Second, a syringe is used to mix the two glazes in increments. By using a 30ml syringe there is extra room in the syringe for drawing in air, making it easier to mix the glazes.
On the back of each test tile is written the glaze information. The test tile is dipped once in the glaze and then dipped again at an angle in order to cover half of the tile. The final line blend tests show a nice progression from 0% to 10% red iron oxide.
Here is the line blend after firing to Orton cone 10 in a reduction atmosphere. The tests reveal a range of interesting glazes.
The results of these tests can be viewed in Glazy:
- Leach 4321 (opens new window)
- Leach 4321 + 1% Red Iron Oxide (opens new window)
- Leach 4321 + 2% Red Iron Oxide (opens new window)
- Leach 4321 + 3% Red Iron Oxide (opens new window)
- Leach 4321 + 4% Red Iron Oxide (opens new window)
- Leach 4321 + 5% Red Iron Oxide (opens new window)
- Leach 4321 + 6% Red Iron Oxide (opens new window)
- Leach 4321 + 7% Red Iron Oxide (opens new window)
- Leach 4321 + 8% Red Iron Oxide (opens new window)
- Leach 4321 + 9% Red Iron Oxide (opens new window)
- Leach 4321 + 10% Red Iron Oxide (opens new window)
Care should be taken when specifying the parameters of a line blend. For example, here is the result of a similar line blend created with Leach 4321 and cobalt oxide added.

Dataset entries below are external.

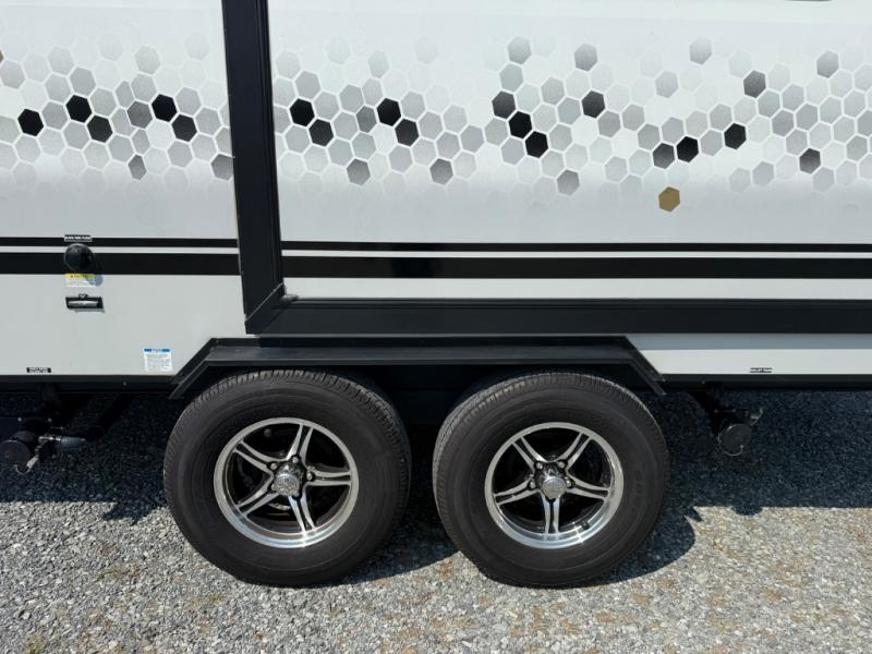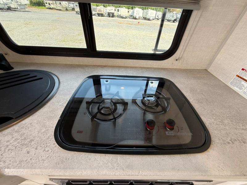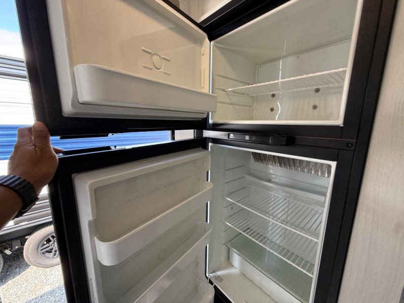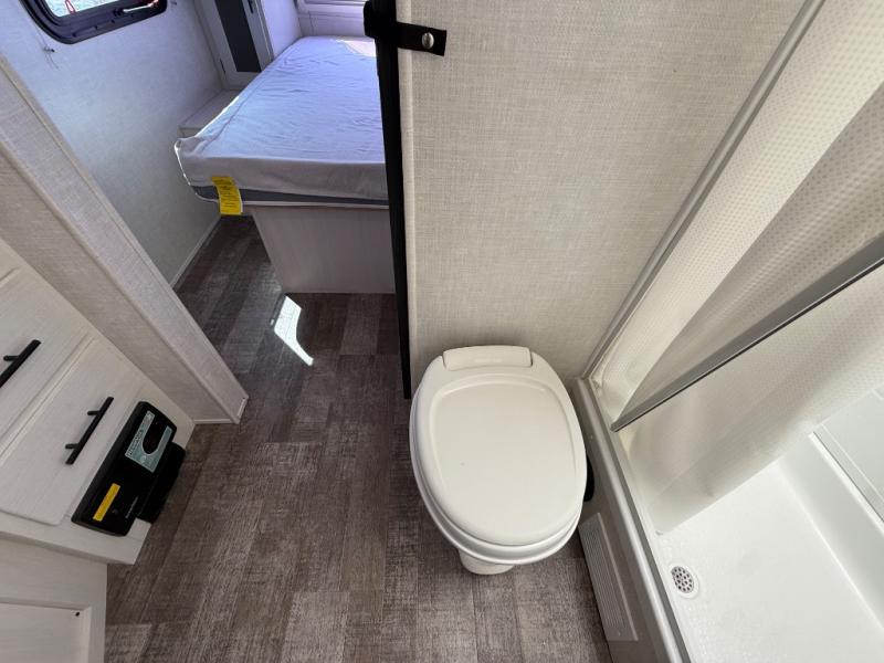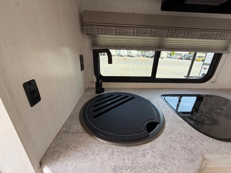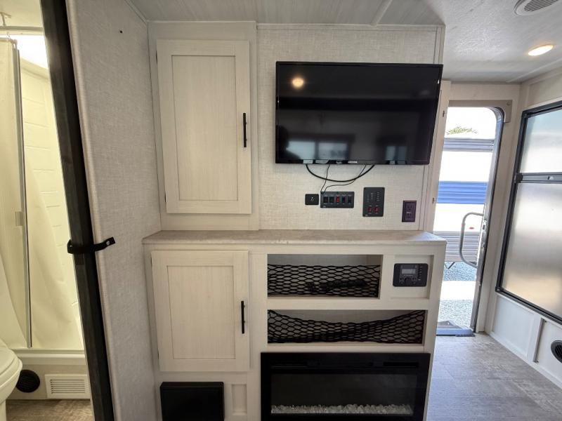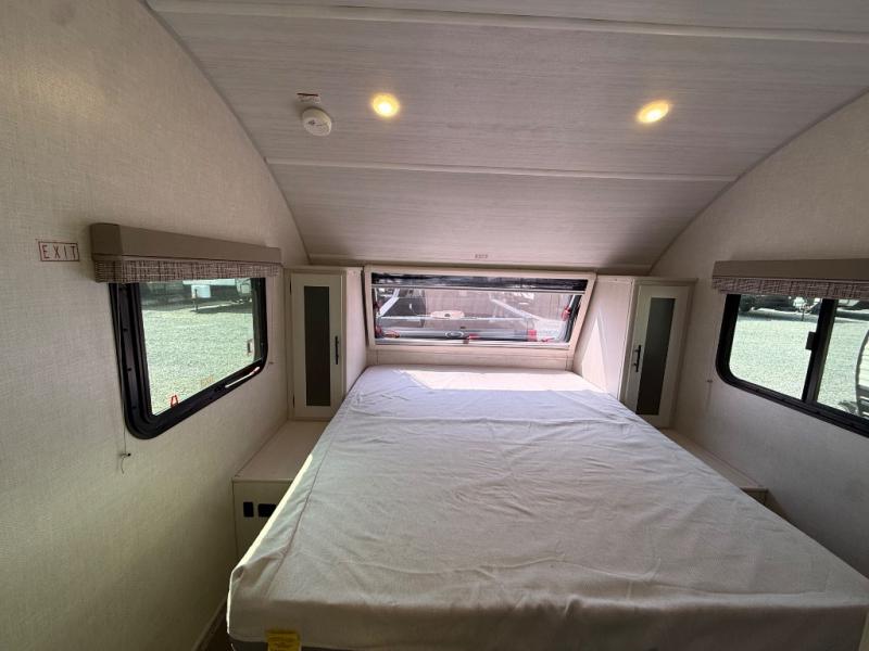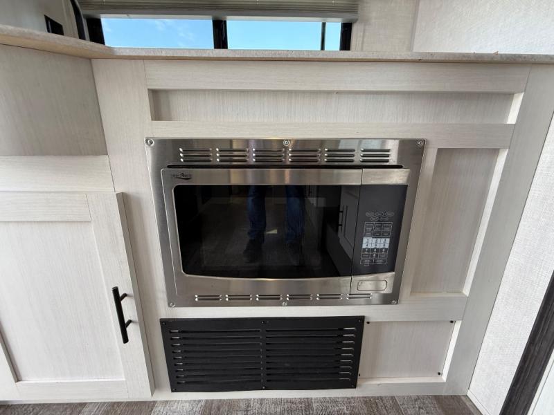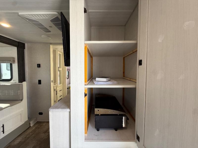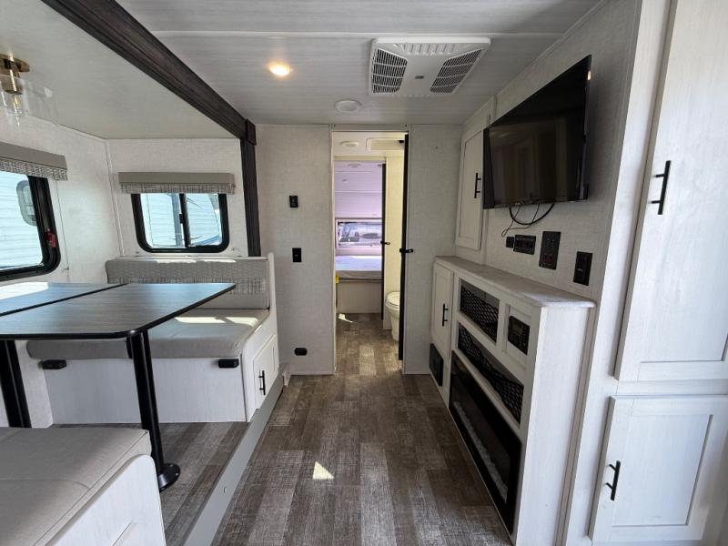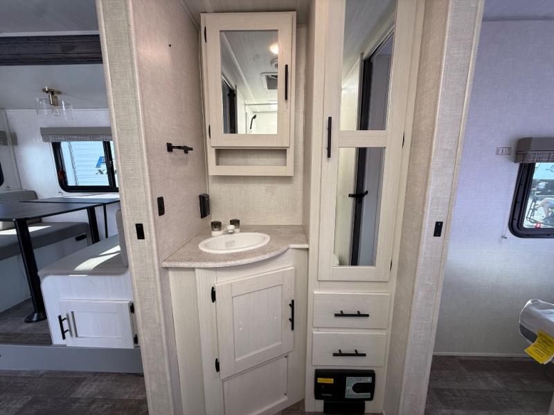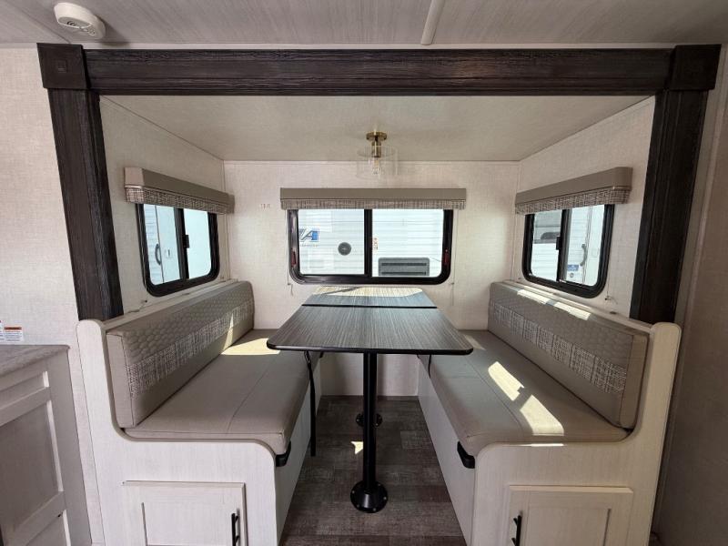 A private bedroom with a walk-around RV queen bed, a walk-through bathroom, and an outside kitchen are a few of the features that you are sure to want in your next RV! You can rest comfortably each night, plus all your clothing can be stored in the dual wardrobes to keep everything tidy. Everyone will stay clean with the full bathroom only steps away, and there is linen storage as well. The main living and kitchen area offers a slide out dinette that can also sleep one more camper. The rear kitchen provides everything you will need, plus the outside kitchen gives you more choices. Step inside to start planning your weekend trip!
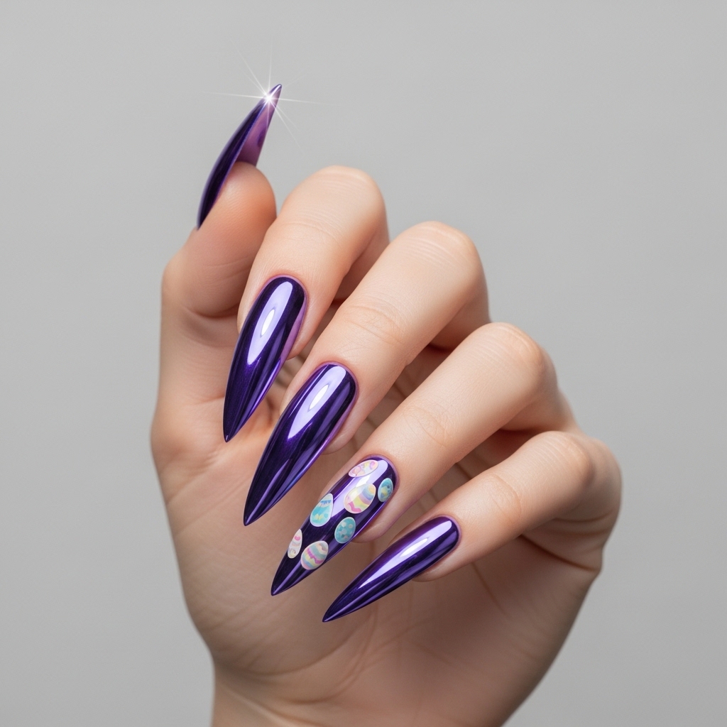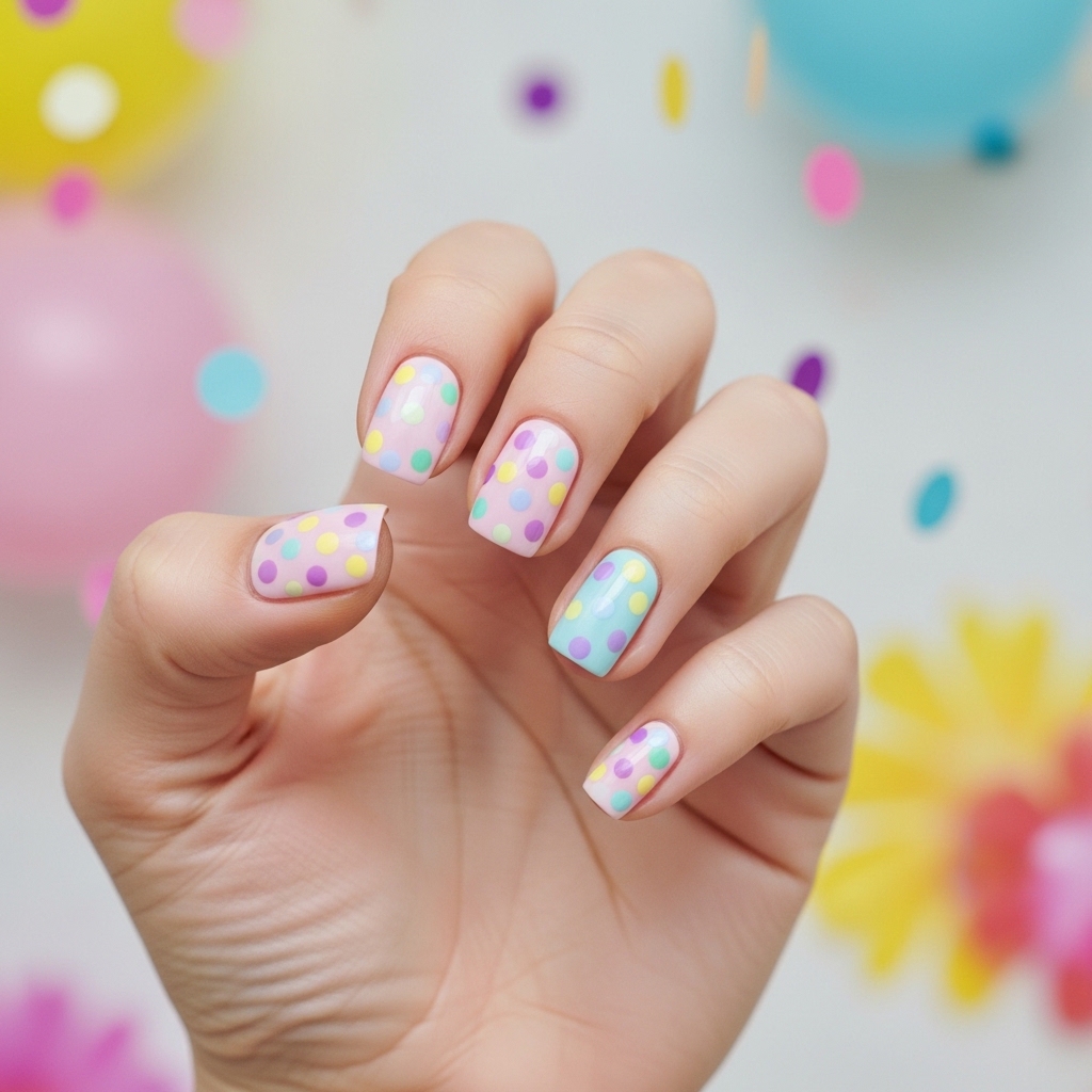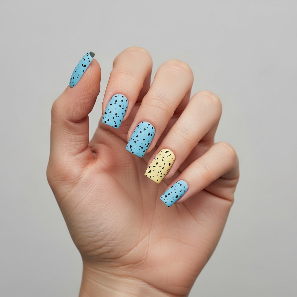 Inspired by Easter eggs, this design uses a matte pastel base with tiny speckled details layered on top. Shades like robin’s egg blue, soft yellow, and lilac work beautifully. The matte finish adds a modern touch, making the design feel fresh and unique. It is stylish because it captures seasonal inspiration in a refined way. Comfortable for everyday wear, it avoids heavy embellishments while still making a statement.
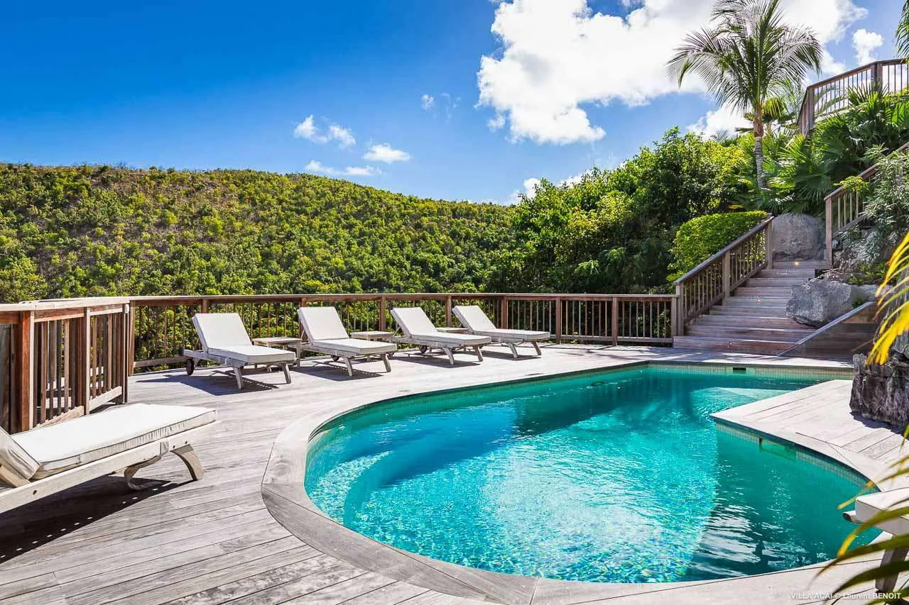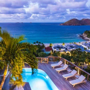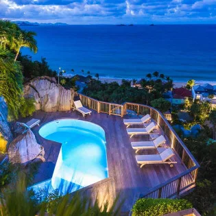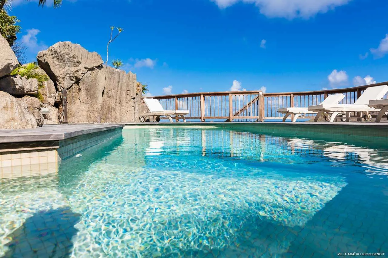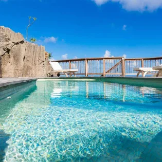 A few steps lower is the large sun deck with the heated pool that overlooks a large part of Flamands Beach. The original rock formation of the cliff flanks the pool, grounding you in the rugged landscapes of St. Barts. On the other side, the palm trees and tropical garden provide privacy for days spent relaxing by the water, sunbathing on loungers.
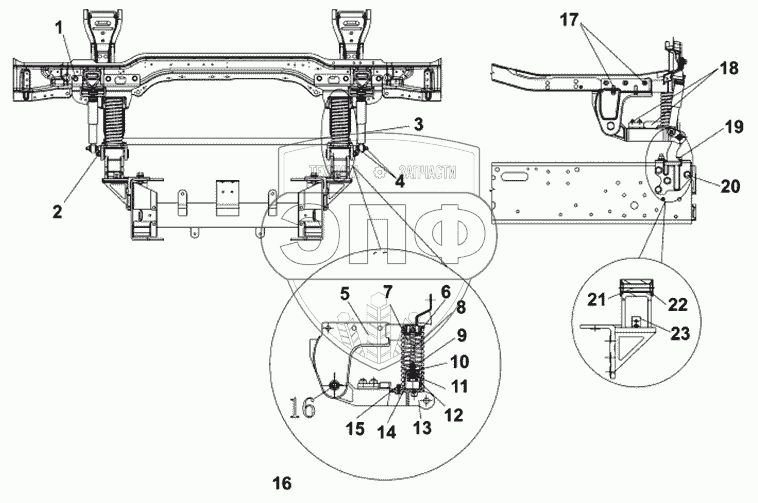 Каталог запасных частей к технике: DongFeng DFL-4181A. Передняя подвеска кабины
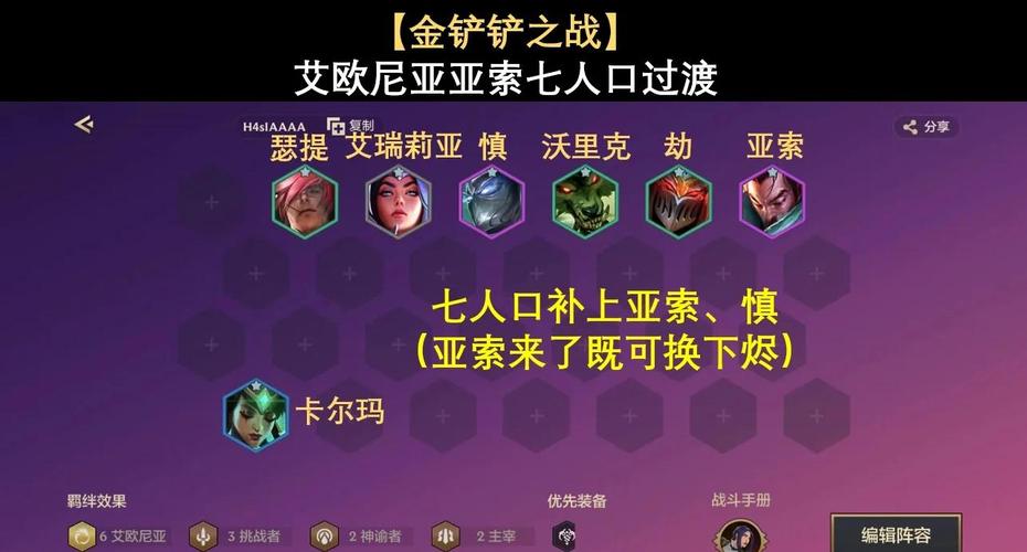 阶段:根据装备情况决定是否玩此阵容,反曲弓多可考虑。打工阵容:根据来牌选取,如神盾哨兵、4黎明等,亚索装备可给予豹女、奥拉夫或锐雯过渡。3阶段:32升级6人口,稳定血量,考虑小D提升质量,向黑夜铁盾亚索转型。此阵容依赖亚索的三星及装备成型,因此前期需稳定运营,确保中期有足够的经济去D牌。
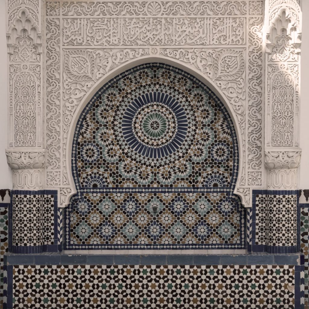 The decorative programme of the mosque was created by North African artisans using traditional techniques that have been passed down for centuries. The walls and corridors shimmer with zellige mosaics in vibrant blues, greens, and whites, while hand-carved stucco and wrought iron from Morocco adorn the arches and doorways. The prayer hall features a magnificent hand-sculpted cedar dome, a giant chandelier, and precious carpets donated by King Fouad of Egypt and the Bey of Tunis. The entrance to the Grand Patio is a jewel of Moroccan art, with its door decorated with Kufic calligraphy reproducing verses from the Quran.
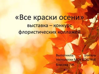 Выставка-конкурс флористических коллажей «Все краски осени» состоялась в школе, в ней участвовали учащиеся 6-7 классов. Победителями стали работы, такие как «Осенний бриз» и «Русская берёзка». Учитель Татьяна Ивановна благодарит всех участников и желает им творческих успехов.
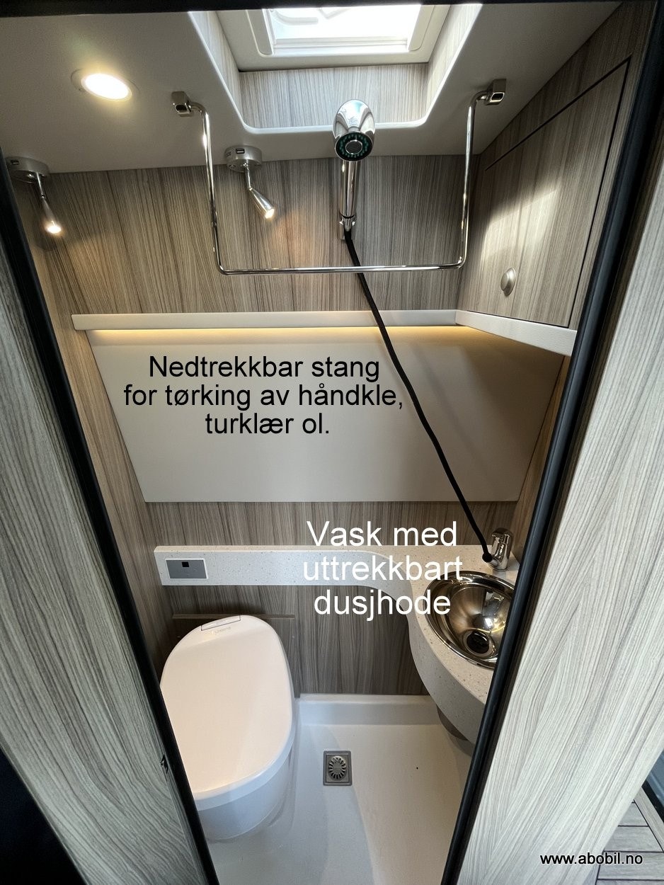 Selvsagt har du alle de komfortable fasilitetene en bybobil skal ha som; Toalett, Dusj inne og ute, kjøkken, Solcellepanel , Truma varmeapparat og masse mer!
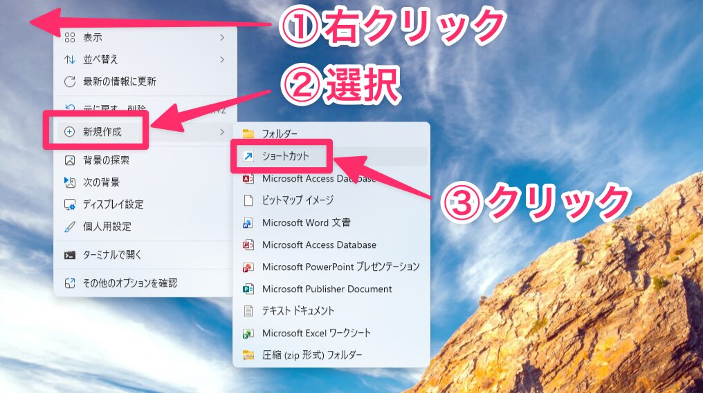 デスクトップ上の何もないところで右クリックし、「新規作成」→「ショートカット」を選択します。

As you can see, at 1% cobalt oxide the glaze is already a deep blue. Cobalt is a very strong oxide! It would have been more interesting to add cobalt in just 0.1% increments.
As you can see, at +0.1% cobalt oxide, the glaze color is already greatly affected. This test also highlights the need for sensitive, accurate scales when dealing with small batches of glaze.